START Records shown
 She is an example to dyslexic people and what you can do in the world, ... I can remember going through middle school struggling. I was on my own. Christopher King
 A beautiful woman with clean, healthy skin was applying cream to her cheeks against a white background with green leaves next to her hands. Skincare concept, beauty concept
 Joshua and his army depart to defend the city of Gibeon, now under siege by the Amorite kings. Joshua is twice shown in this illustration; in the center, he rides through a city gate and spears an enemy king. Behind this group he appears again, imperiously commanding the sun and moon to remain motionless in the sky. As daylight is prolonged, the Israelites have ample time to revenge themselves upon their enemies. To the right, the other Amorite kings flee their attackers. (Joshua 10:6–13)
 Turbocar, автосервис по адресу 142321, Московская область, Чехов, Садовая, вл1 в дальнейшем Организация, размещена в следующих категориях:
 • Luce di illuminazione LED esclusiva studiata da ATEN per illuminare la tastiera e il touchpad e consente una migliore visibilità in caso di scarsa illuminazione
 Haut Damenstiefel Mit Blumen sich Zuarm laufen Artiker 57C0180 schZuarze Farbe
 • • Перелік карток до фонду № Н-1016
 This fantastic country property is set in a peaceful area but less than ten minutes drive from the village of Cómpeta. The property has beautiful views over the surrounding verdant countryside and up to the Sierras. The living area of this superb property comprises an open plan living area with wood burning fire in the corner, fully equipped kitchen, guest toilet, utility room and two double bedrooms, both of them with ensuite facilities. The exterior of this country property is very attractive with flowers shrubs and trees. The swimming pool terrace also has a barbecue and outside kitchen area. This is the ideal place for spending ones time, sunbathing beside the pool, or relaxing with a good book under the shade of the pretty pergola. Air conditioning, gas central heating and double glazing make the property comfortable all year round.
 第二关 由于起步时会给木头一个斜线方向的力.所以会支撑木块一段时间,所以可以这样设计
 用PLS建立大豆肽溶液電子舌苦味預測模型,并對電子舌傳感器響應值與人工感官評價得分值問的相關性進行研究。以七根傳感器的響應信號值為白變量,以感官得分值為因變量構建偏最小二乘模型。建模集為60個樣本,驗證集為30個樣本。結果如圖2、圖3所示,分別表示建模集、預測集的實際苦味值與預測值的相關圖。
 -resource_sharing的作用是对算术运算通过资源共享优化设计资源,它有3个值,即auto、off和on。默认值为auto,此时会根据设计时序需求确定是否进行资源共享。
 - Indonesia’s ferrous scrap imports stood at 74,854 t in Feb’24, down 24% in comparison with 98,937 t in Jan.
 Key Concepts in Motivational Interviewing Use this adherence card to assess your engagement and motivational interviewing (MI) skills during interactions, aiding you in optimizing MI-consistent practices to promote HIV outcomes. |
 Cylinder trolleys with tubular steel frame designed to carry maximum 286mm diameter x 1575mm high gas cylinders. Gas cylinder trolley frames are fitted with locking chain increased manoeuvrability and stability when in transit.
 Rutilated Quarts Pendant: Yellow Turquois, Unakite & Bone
END Records shown
Reproduce exactly the line bearing "Cylinder trolleys with" and all the lines that come after it in the records above; add nothing.

 Cylinder trolleys with tubular steel frame designed to carry maximum 286mm diameter x 1575mm high gas cylinders. Gas cylinder trolley frames are fitted with locking chain increased manoeuvrability and stability when in transit.
 Rutilated Quarts Pendant: Yellow Turquois, Unakite & Bone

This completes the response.